Analysis of a Haplotype

ARE MTDNA MUTATIONS RANDOM OR CHRONOLOGICAL?

ANALYSIS OF THE HVR MUTATIONS IN A HAPLOTYPE OF HAPLOGROUP K

Most people in mitochondrial DNA haplogroup K have about four HVR (Hypervariable Region) mutations beyond the six basic mutations which virtually all K's have. Some have only one extra. In the normal order, here is a haplotype - unusual enough that there are only three examples in the FamilyTreeDNA database - which has 11 extra mutations, for a total of 17 differences from the Cambridge Reference Sequence (CRS). I picked this particular haplotype to study not only because of its length, but also because it includes very common and very rare mutations and is in a large haplotype cluster which does not yet have a subclade designation.

HVR1: 16048A, 16051G, 16093C, 16224C, 16291T, 16311C, 16519C

HVR2: 73G, 195C, 230T, 263G, 315.1C, 497T, 524.1C, 524.2A, 524.3C, 524.4A

Are these just random numbers which happened at random times?
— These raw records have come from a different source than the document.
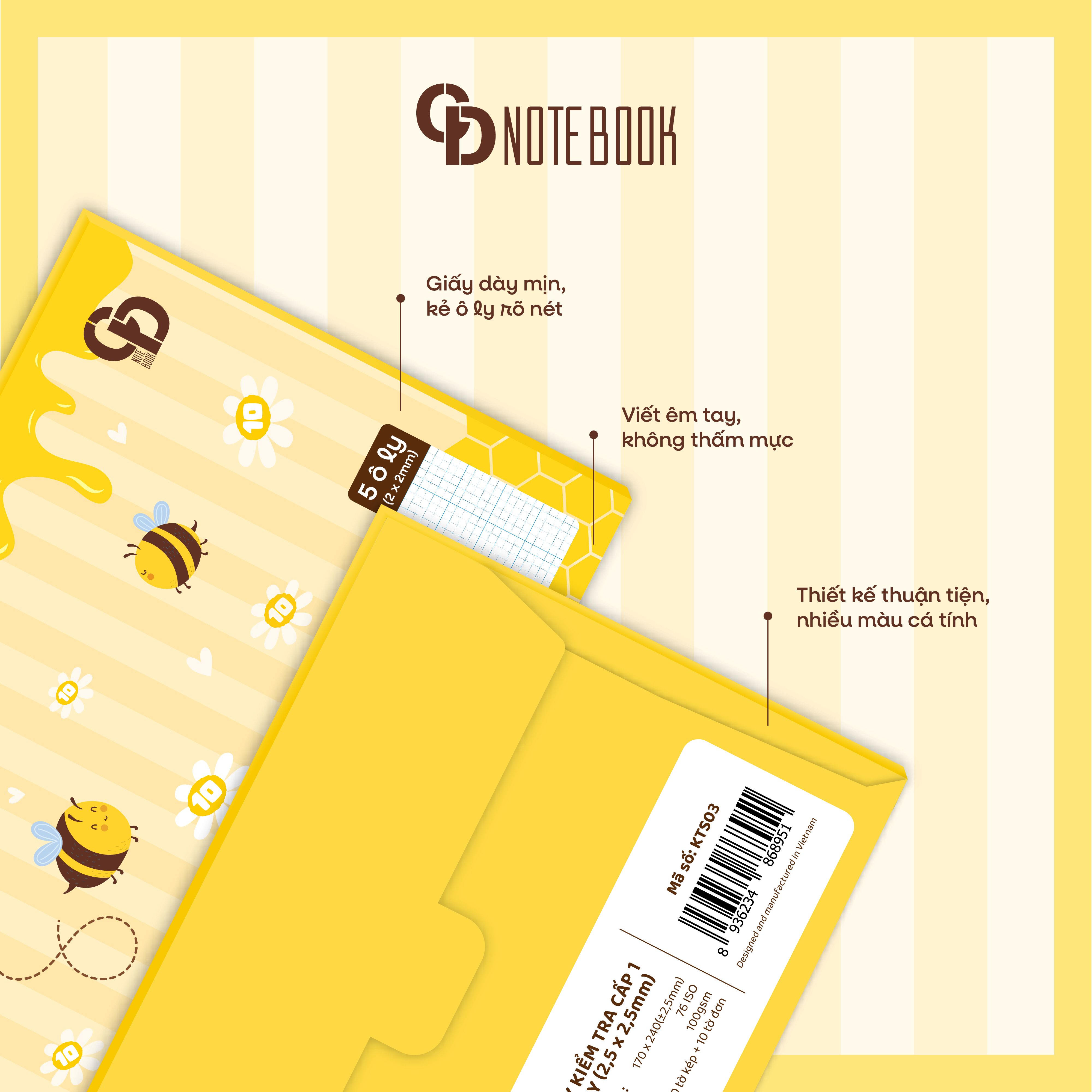 KTS04 - Giấy kiểm tra Bee, 5 ô ly, 10 tờ đơn - 10 tờ kép , ĐL: 100
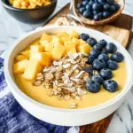 Experience a burst of tropical flavors with this Mango Coconut Smoothie Bowl! Combining ripe, sweet mangoes with creamy coconut milk and a hint of banana, this vibrant bowl is not just a breakfast; it’s a journey to paradise in every spoonful. Topped with your favorite fruits and crunchy granola, it’s perfect for a refreshing start to your day or a delightful afternoon treat.
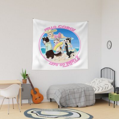 Hello Corgi Let S Go Party Tapestry
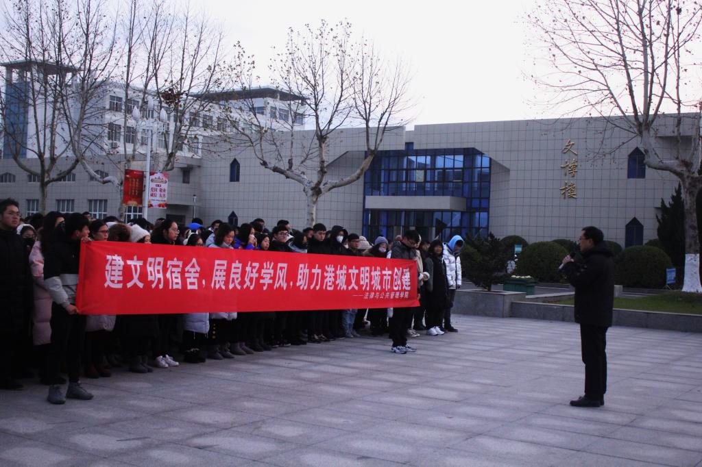 为创建文明宿舍,建设优良学风,助力连云港建设成为全国文明城市,12月10日清晨,法律与公共管理学院在主楼广场前举行“建文明宿舍,展优良学风,助力港城文明城市创建”主题升旗仪式。院党总支书记朱国良,党总支副书记、副院长黄金虎,团委书记崔家新,辅导员蒋莹莹,班主任老师和15、16、17级全体学生参加了升旗仪式。
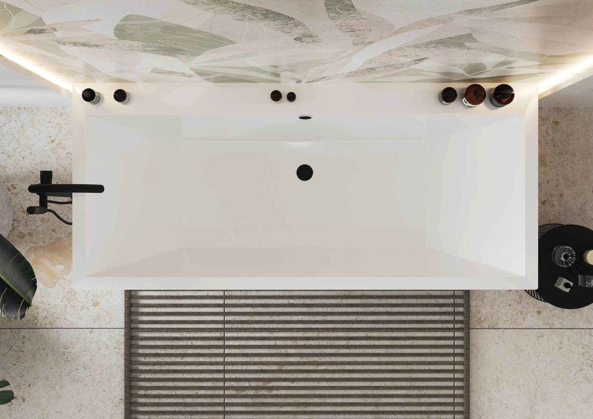 Designul plin, uniform, permite montarea acesteia lângă perete sau central.
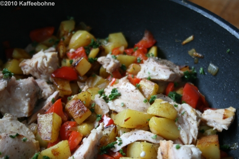Nachdem meine Tochter sich immer noch wöchentlich Fischstäbchen wünscht und mein Sohn und ich diese nicht mehr wollen, essen wir dann immer gebratenen Lachs mit wechselnden Beilagen. Da kam mir das Rezept von Petra gerade recht. Da ich im Dorfsupermarkt einen Stremellachs bekommen habe, habe ich das Lachsfilet in der Pfanne gebraten und dann gewürfelt zur Pfanne gegeben.
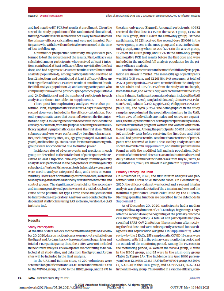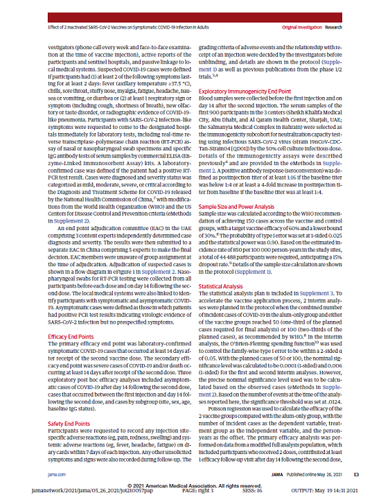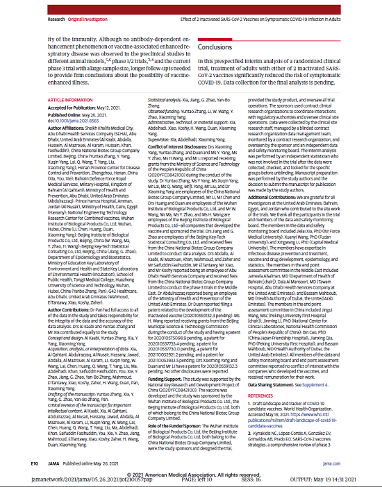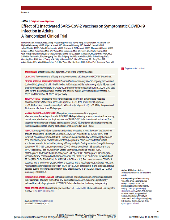 報(bào)告由國(guó)藥集團(tuán)中國(guó)生物、國(guó)家聯(lián)合疫苗工程技術(shù)研究中心、武漢生物制品研究所、北京生物制品研究所、阿聯(lián)酋阿布扎比衛(wèi)生服務(wù)公司(SEHA)謝赫·哈利法醫(yī)療城、巴林王國(guó)軍事醫(yī)院、阿聯(lián)酋衛(wèi)生和預(yù)防部、約旦安曼哈姆扎王子醫(yī)院、埃及衛(wèi)生部、河南省疾病預(yù)防控制中心、北京科特統(tǒng)計(jì)咨詢有限公司、華中科技大學(xué)、G42等多家機(jī)構(gòu)和單位合作完成。報(bào)告于2021年3月17日提交至《JAMA》進(jìn)行編審。

Or is there a way to estimate the order in which they appeared since "mitochondrial Eve"? Are all mutations created equal? Or are some more important than others? Let me list them in what I think is the proper chronological order:

263G, 315.1C, 73G, 16519C, 16311C, 16224C, 497T, 195C, 16048A, 524.1C, 524.2A, 16291T, 16093C, 524.3C, 524.4A, 16051G, 230T

[Since this document was written, a person has shown up with a haplotype as above, but with two additional mutations 524.5C and 524.6A for a total of 19 mutations or 13 beyond K’s basic six. The chart mentioned below has been updated to reflect this new addition.]

Do I have a basis for listing the mutations in this order? I'll look at these mutations one at a time, but first some references I'll use. I had previously created a phylogenetic chart which includes this haplotype. Dr. Doron Behar, now the Chief mtDNA Scientist at FTDNA, published a paper earlier this year on Ashkenazi mtDNA, which included a comprehensive phylogenetic chart for haplogroup K. I also used Ron Scott's compilation of HVR1 mutations from FTDNA’s MitoSearch as of July 11, 2006. For HVR2 mutations, Scott's individual haplogroup files must be consulted. Another great site for percentages of all mtDNA mutations is the "Polymorphic sites" page in mtDB, the Human Mitochondrial Genome Database. The mtDB had a total of 2,487 sequences when I looked at it, but the total for each mutation will be a lower number. I will also refer to the Sorenson Molecular Genealogy Foundation (SMGF) Top 50 Mutations list. SMGF at present has 4,805 mtDNA entries. There is no count or percentage for K's, but the number of those with 16224C might be a good indicator: 328 or 6.8%. The percentage of K’s in MitoSearch as of June was higher, 8.88%. For percentages inside K, I have referred to my continuously-updated table for the K Project and a table from the K's on MitoSearch as of August. For definitions of some of the technical terms used here see Charles Kerchner’s Genetic Genealogy Glossary.

Now the discussion of the role of the individual mutations:

263G: This is not really a "mutation"; it was the CRS which had the mutation from base G to A. Even most others in haplogroup H (which includes the CRS) are 263G. On the SMGF Top 50 Mutations list, this is at the top, appearing in 4,697 of 4,805 entries, or 97.8%. In the K Project, it appears in 100%. The percentage is slightly less in K's on MitoSearch, due to the presence there of an odd haplotype cluster centered on mutation 133G. In the mtDB database it appears in 1,644 of 1,650 examples, or 99.6%. [In the future I will only give the percentage from mtDB, since the total is always about the same. One exception will be noted.]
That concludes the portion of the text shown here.